Speaker
Description
Light is important for organisms from all domains of life, serving as an energy resource or carrier of information initiating intra- or intercellular signaling. Photosensitive proteins, endowed with a light-absorbing chromophore, enable this. Obtaining direct structural information to understand the underlying molecular mechanisms is not only important for the fundamental understanding of light-driven processes but has practical impact on future developments of e.g. fluorescent proteins for optical nanoscopy or retinal proteins for optogenetics.

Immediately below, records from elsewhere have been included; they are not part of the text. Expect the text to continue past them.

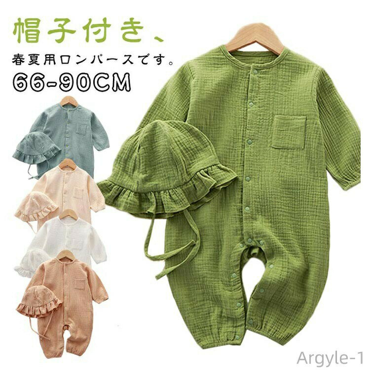 送料無料 ロンパース 前開き ハット付き 長袖 綿 ガーゼ綿 男の
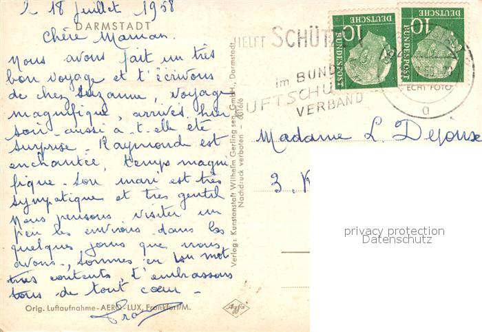 73560753 alte Postkarte Darmstadt Fliegeraufnahme postalisch gelaufen Erhaltung siehe scans [KathaD81] KatCode: 11110006411000
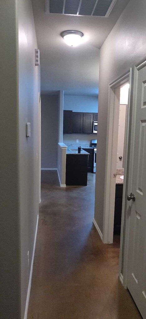 3 BEDROOM + 2 BATH Newly renovated duplex townhouse with fenced backyard. GREAT LOCATION !! Close to everything: Shopping, food, schools, University, Edmond North HS, Walmart, Kohls, Sprouts, shopping, food, gym, Hop onto Broadway Ext to get downtown OKC. Newly renovated 3 bedroom, 2 full bathroom duplex. Master bedroom has private bathroom and HUGE walk in closet. Large bedrooms with lots of closet space and storage. Laundry room area with extra shelving and storage. Granite Counters throughout, Stainless steel appliances in kitchen, gas range, dishwasher, microwave. Modern open spacious design. Pantry closet in hallway Double attached garage parking with attic storage. Stained Concrete floors in living areas, CARPET in bedrooms. Low monthly utility bills. Students welcome. HUGE walk in closet off master bedroom. (it really is massive) 1255 sq ft NICE MODERN Light grey paint colors throughout. THESES UNITS RENT OUT QUICKLY. Availability of move in date is negotiable.
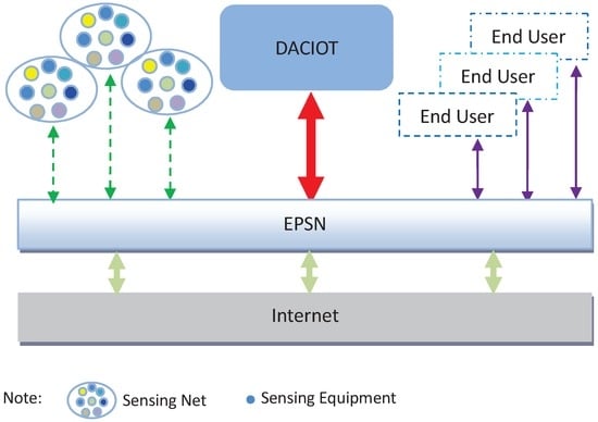 As shown in Figure 1, DACIOT’s key role is to provide network access services for end users (including PCs, mobiles, etc.) and coordinate the massive amount of end users’ requests via transmitting them onto a sensing device. In relation to control demand transmission, as the Internet network has the features of complex structural alternation and fast resource consumption when a massive number of users requests arrive for access, an Effective Path Statistic Network (EPSN) [] is built and arranged on the Internet, based on the idea of network coverage. EPSN, a logic network comprised of a group of Communication Service Agents (CSA) which has a number of simple functions (data packet sending, receiving, storing and exchange), is a virtual sub-network of the Internet. EPSN explores the effective “empty” path on the Internet based on statistical theory, and measures and calculates the statistics of the measurement parameters and information on the logic chain among CSAs, and builds real-time Effective Paths (EP) based on the measured and statistical data. In this sense, the network that receives the requests for access by the end users is converted from a parameter-uncontrollable Internet network to a transparent and controllable EPSN network. However, the new-type DACIOT is mainly supported by virtual technology [,], which is critical to realize cloud computing networks by intensively concentrating and integrating the limited physical resources and providing services of networking, computing and storage in a unified manner. The virtual resources of computing and storing will finally need to provide access to users via the network. In the realm of network, virtualization technology enables a higher utility of the network [] and makes the network flexibly extendable and manageable. A virtual network allows users of different needs to visit the same physical network. Logically, however, these users are strictly isolated to ensure visiting security []. Network virtualization will fulfill the target of improving DACIOT’s [] operational efficiency, flexibilizing operation arrangement, reducing energy-consumption and releasing rack space.
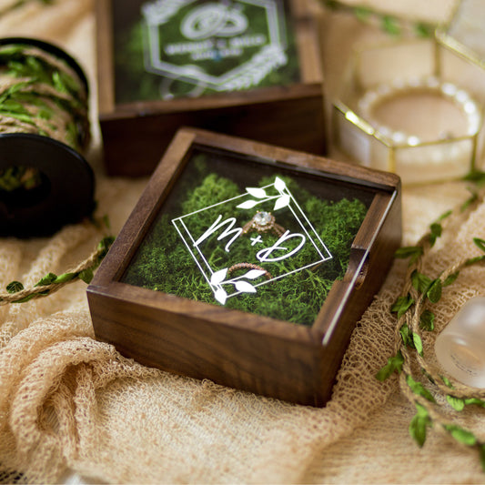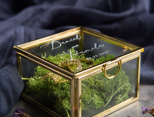 Square Gold Glass Ring Box with Moss - Personalized Ring Box for Wedding Ceremony, Modern Ring Holder for Engagements, Rustic Wedding Gift
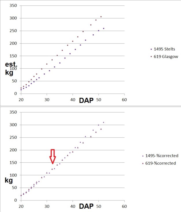 The 1495 Stelts produced my heaviest (new PB) pumpkin this year, the 619 Glasgow produced my biggest pumpkin this year (but 798 lbs only), which was quite disappointing, because I thought the 619 would produce my new PB. The growth curve (derived from OTT measurements) was much better for the 619. Now the big question is, what is the potential in the seeds of my 1495 x 619 and 619 x 1495 crosses? The 2nd picture shows the "true" weight gains (I have multiplied the OTT derived weights with 1.14 for the 1495 (it went 14% heavy) and with 0.88 for the 619 (because it went 12% light). The new curves are quite interesting. Until 35 DAP the 619 might have been ahead of the 1495 with the true weight gains! So what made the curves cross around 35 DAP? There was an event around 35 DAP which caused severe damage to the 619 plant, this event was the combination of dry soil and the very thirsty 619 plant itself. Suddenly the leaves of this plant started to dry and to die. After some decent watering (and, in order to be on the safe side, an Aliette drench as well) this process stopped and the growth curve of the 619 fruit did continue "as usual", just at somewhat decelerated speed because of the 30 - 40 % leaf surface the plant had lost. In summary: Grower error, the 619 could have produced another 1000+ lbs fruit (probably, but who knows?).
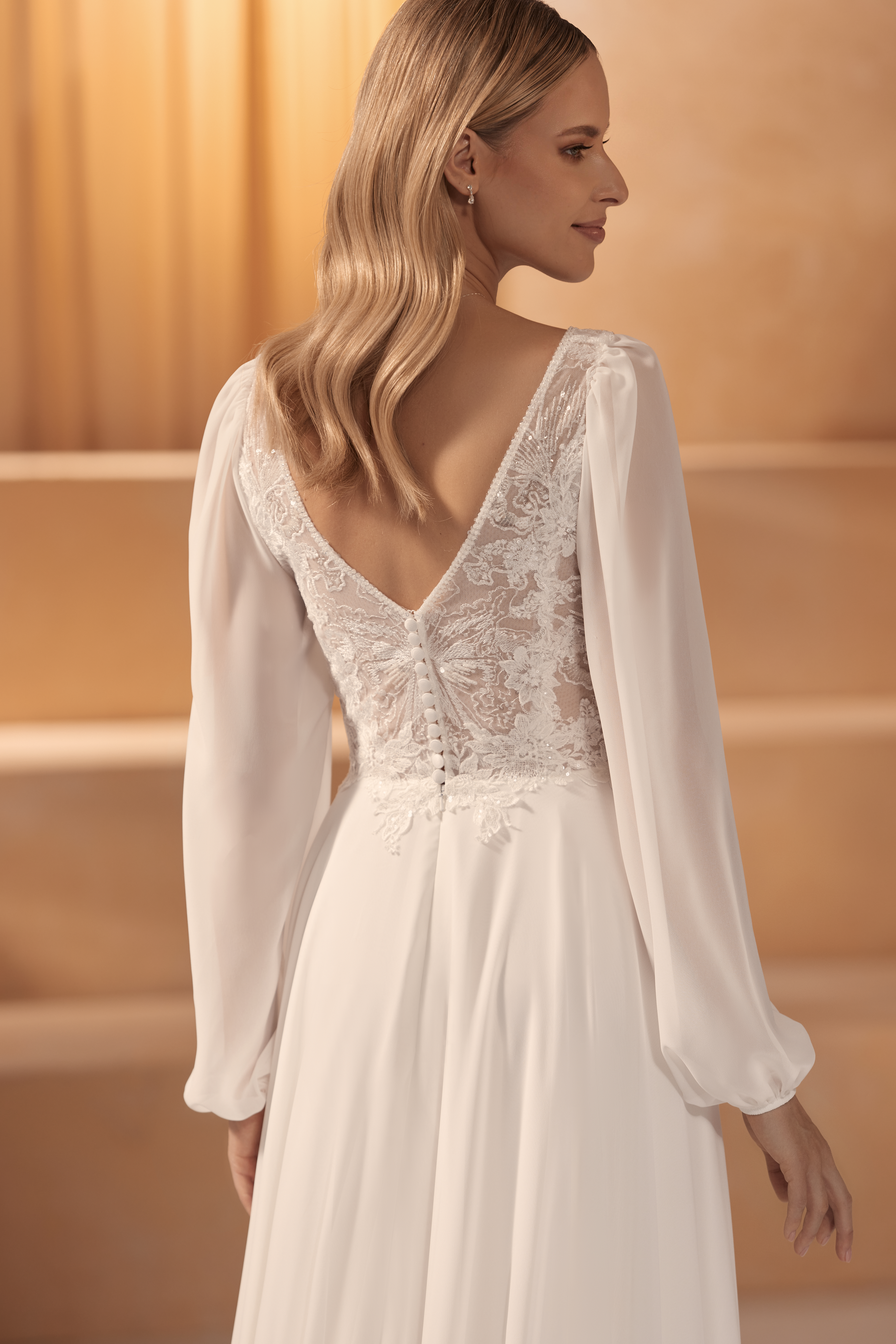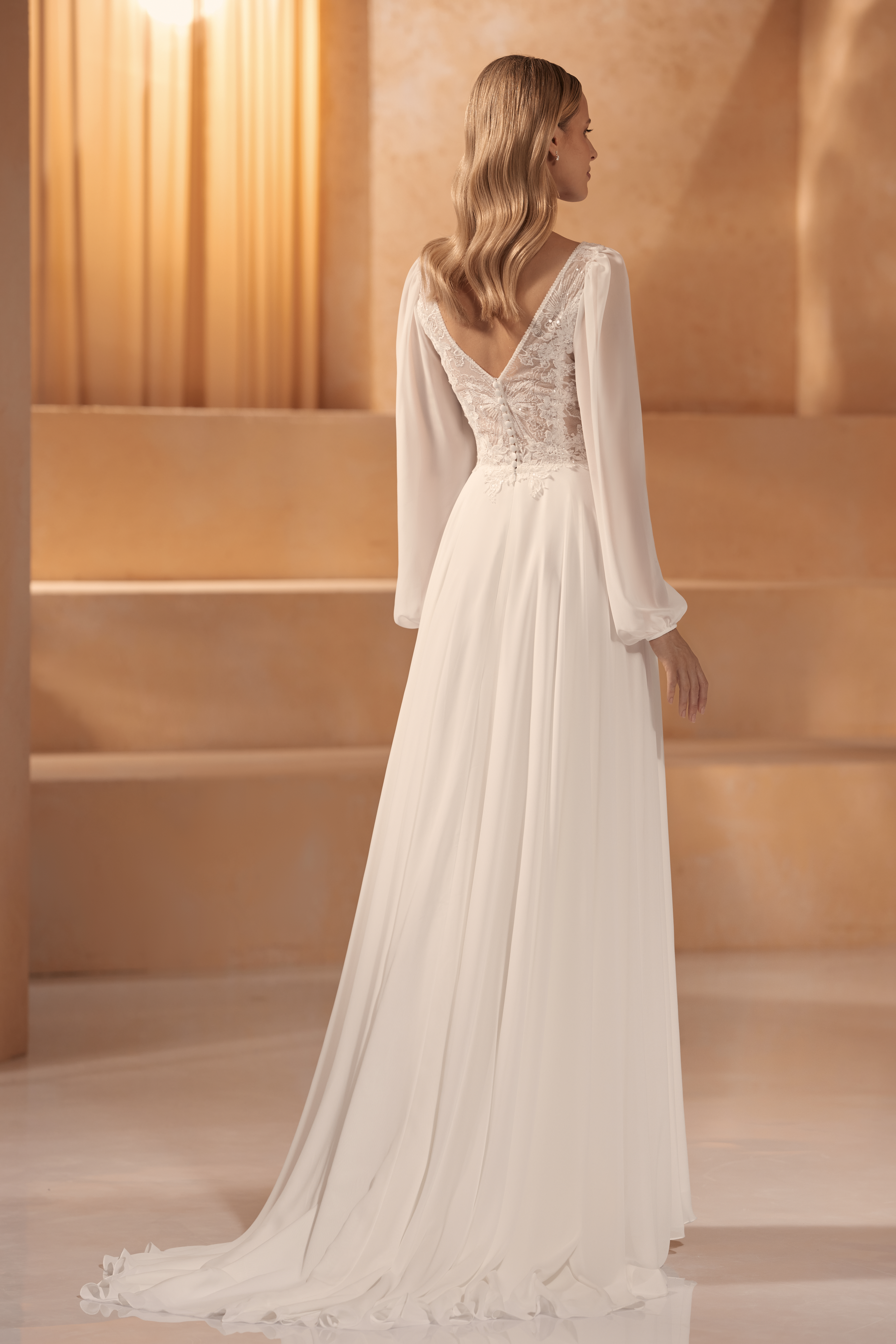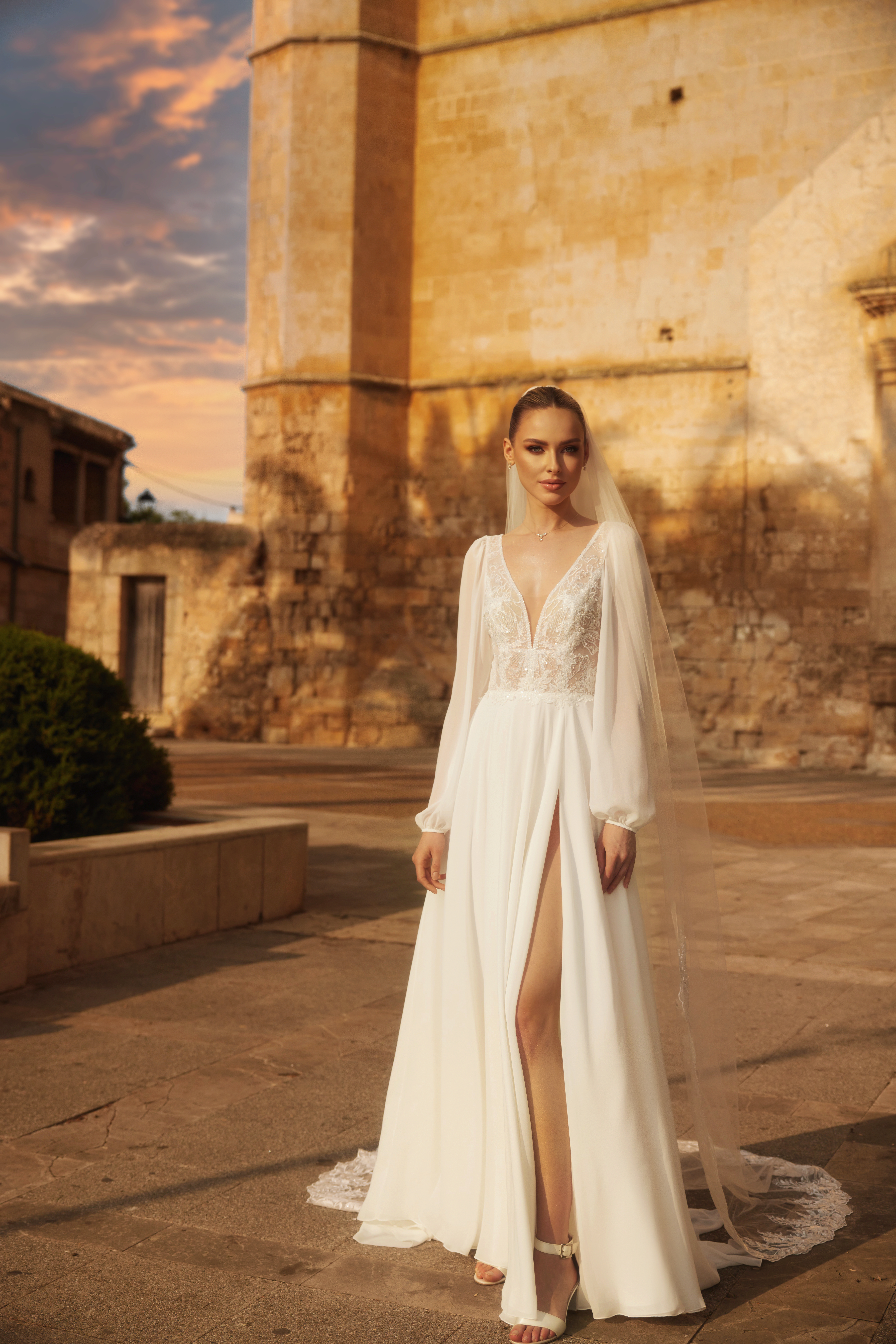 Particolare abito da sposa scivolato realizzato in tessuto chiffon con corpetto pizzo con scollo a V e morbide maniche a sbuffo, a rendere ancor più originale il modello un profondo spacco.
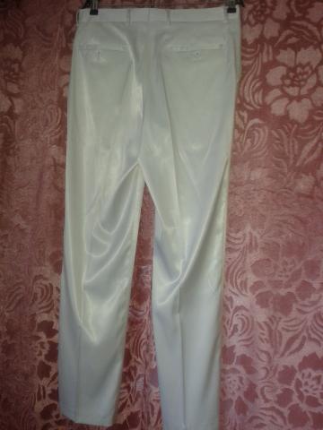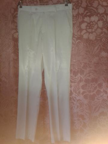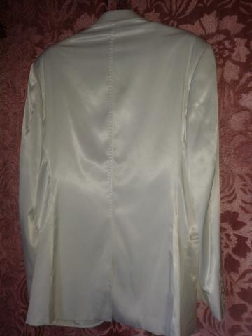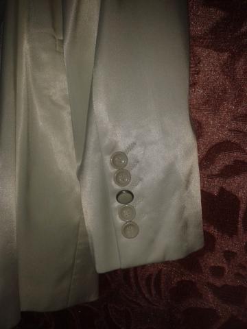 Parduodamas viena karta devetas,baltos spalvos vestuvinis kostiumas.Dydis L/50.Bukle labai gera.kelniu ilgis-113cm,juosmens apimtis -90cm.Peciu plotis 52cm,rankoviu ilgis-67cm,viso svarko ilgis-82cm.Kostiumas tinka ~ 187-190 cm ugiui.Sudetis 60%laine,40%polyester.
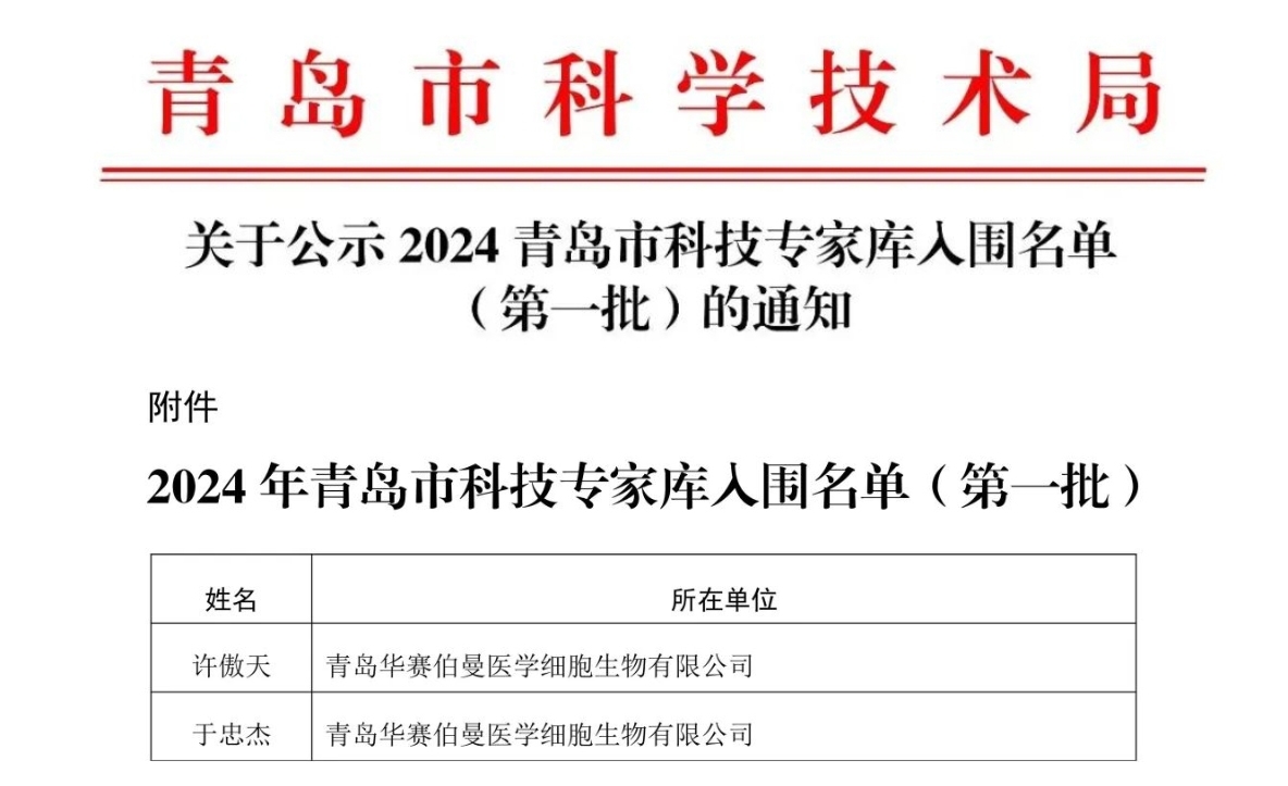 近日,青岛市科技局发布《2024青岛市科技专家库入围名单(第一批)》,华赛伯曼高级研发总监许傲天博士、研发部副主任于忠杰博士成功入选并入库科技研发类专家。
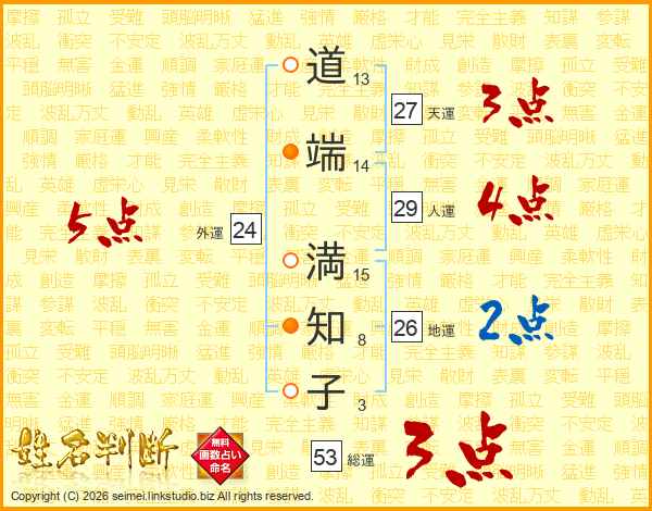 道(13画)端(14画) 満(15画)知(8画)子(3画)
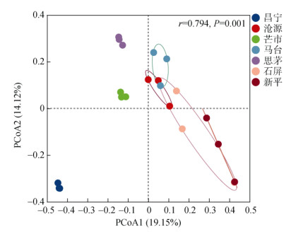 对真菌群落进行PCoA分析(图 2),并对组间群落结构差异进行ANOSIM显著性检验,排序结果显示,昌宁、芒市和思茅3个地区的土壤真菌群落较聚集,沧源、马台、石屏、新平4个地区的土壤真菌群落较分离,且昌宁离其他6个地区距离较远,说明昌宁的土壤真菌群落与其他6个地区存在较大的差异,而沧源和马台、石屏和新平之间有群落聚集的现象,说明沧源和马台、石屏和新平的真菌群落结构具有相似性。总体来说,7个地区的甜龙竹土壤真菌群落结构有显著差异(r=0.794,P=0.001)。
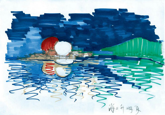 图片5:2008年,陈可石教授手绘歌剧院构思草图之一

For time-resolved crystallography small crystals that can be efficiently photolyzed are required. Serial data collection by means of free-jet sample injection is a convenient way for time-resolved pump probe experiments. In previous experiments employing this technique both at X-ray free-electron laser (XFEL) and synchrotron sources very high pump laser fluences (≫ 100 µJ/mm²) have been used for optical excitation, a regime where multiphoton absorption of the chromophore is highly likely. However, multiphoton excitation differs significantly from the biologically relevant single photon absorption regime and generally results in different effects. This severely compromises the mechanistic interpretation.
We discuss this issue and present how to determine the appropriate photoexcitation intensity for time-resolved pump probe experiments. We discuss how to derive the required pump fluence based on the intensity distribution within the crystals and the jet used for delivering them into the X-ray beam and quantify losses in excitation intensity due to light-matter interaction (scattering, absorption, reflection) of the incident beam before reaching the target chromophores.